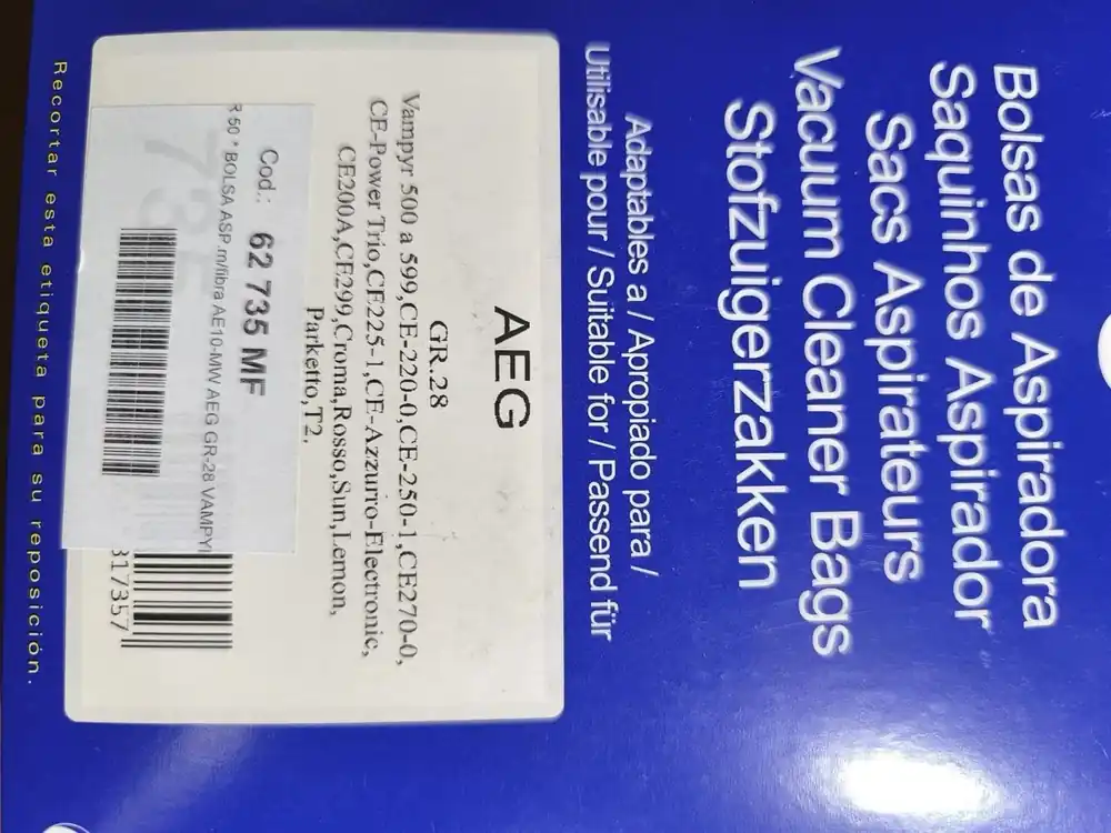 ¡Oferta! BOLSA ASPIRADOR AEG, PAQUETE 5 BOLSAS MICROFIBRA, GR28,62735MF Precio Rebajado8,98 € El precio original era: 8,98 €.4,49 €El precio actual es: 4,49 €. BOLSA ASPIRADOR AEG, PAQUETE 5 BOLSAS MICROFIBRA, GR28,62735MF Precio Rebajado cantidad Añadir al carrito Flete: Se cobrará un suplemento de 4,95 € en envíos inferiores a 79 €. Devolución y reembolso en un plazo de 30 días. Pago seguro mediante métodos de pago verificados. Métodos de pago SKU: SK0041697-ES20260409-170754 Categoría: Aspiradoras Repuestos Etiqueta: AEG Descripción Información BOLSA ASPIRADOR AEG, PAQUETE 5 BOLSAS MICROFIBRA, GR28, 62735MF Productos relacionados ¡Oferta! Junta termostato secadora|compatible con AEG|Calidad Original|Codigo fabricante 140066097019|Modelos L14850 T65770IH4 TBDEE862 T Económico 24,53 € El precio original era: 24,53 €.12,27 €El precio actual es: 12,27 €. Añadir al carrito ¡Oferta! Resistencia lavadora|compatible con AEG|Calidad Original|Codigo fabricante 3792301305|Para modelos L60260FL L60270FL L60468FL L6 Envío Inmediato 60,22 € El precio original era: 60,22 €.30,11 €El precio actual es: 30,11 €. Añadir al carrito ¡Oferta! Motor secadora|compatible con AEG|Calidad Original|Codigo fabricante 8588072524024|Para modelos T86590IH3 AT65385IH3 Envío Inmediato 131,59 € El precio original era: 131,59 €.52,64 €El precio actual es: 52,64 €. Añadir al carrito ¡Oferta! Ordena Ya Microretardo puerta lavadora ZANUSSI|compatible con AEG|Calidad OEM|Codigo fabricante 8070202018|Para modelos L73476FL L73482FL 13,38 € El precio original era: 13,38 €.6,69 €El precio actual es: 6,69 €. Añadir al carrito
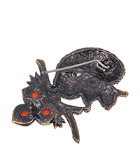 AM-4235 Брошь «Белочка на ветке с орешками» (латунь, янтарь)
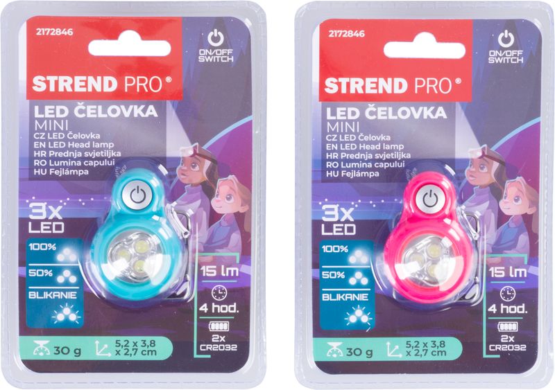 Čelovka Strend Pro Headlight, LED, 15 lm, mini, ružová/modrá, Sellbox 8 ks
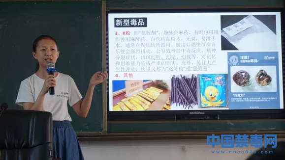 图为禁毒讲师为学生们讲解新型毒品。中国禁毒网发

_TO DO_: Return the listing above in an exact copy that leaves out the images.

_RESULT_:
 ¡Oferta! BOLSA ASPIRADOR AEG, PAQUETE 5 BOLSAS MICROFIBRA, GR28,62735MF Precio Rebajado8,98 € El precio original era: 8,98 €.4,49 €El precio actual es: 4,49 €. BOLSA ASPIRADOR AEG, PAQUETE 5 BOLSAS MICROFIBRA, GR28,62735MF Precio Rebajado cantidad Añadir al carrito Flete: Se cobrará un suplemento de 4,95 € en envíos inferiores a 79 €. Devolución y reembolso en un plazo de 30 días. Pago seguro mediante métodos de pago verificados. Métodos de pago SKU: SK0041697-ES20260409-170754 Categoría: Aspiradoras Repuestos Etiqueta: AEG Descripción Información BOLSA ASPIRADOR AEG, PAQUETE 5 BOLSAS MICROFIBRA, GR28, 62735MF Productos relacionados ¡Oferta! Junta termostato secadora|compatible con AEG|Calidad Original|Codigo fabricante 140066097019|Modelos L14850 T65770IH4 TBDEE862 T Económico 24,53 € El precio original era: 24,53 €.12,27 €El precio actual es: 12,27 €. Añadir al carrito ¡Oferta! Resistencia lavadora|compatible con AEG|Calidad Original|Codigo fabricante 3792301305|Para modelos L60260FL L60270FL L60468FL L6 Envío Inmediato 60,22 € El precio original era: 60,22 €.30,11 €El precio actual es: 30,11 €. Añadir al carrito ¡Oferta! Motor secadora|compatible con AEG|Calidad Original|Codigo fabricante 8588072524024|Para modelos T86590IH3 AT65385IH3 Envío Inmediato 131,59 € El precio original era: 131,59 €.52,64 €El precio actual es: 52,64 €. Añadir al carrito ¡Oferta! Ordena Ya Microretardo puerta lavadora ZANUSSI|compatible con AEG|Calidad OEM|Codigo fabricante 8070202018|Para modelos L73476FL L73482FL 13,38 € El precio original era: 13,38 €.6,69 €El precio actual es: 6,69 €. Añadir al carrito
 AM-4235 Брошь «Белочка на ветке с орешками» (латунь, янтарь)
 Čelovka Strend Pro Headlight, LED, 15 lm, mini, ružová/modrá, Sellbox 8 ks
 图为禁毒讲师为学生们讲解新型毒品。中国禁毒网发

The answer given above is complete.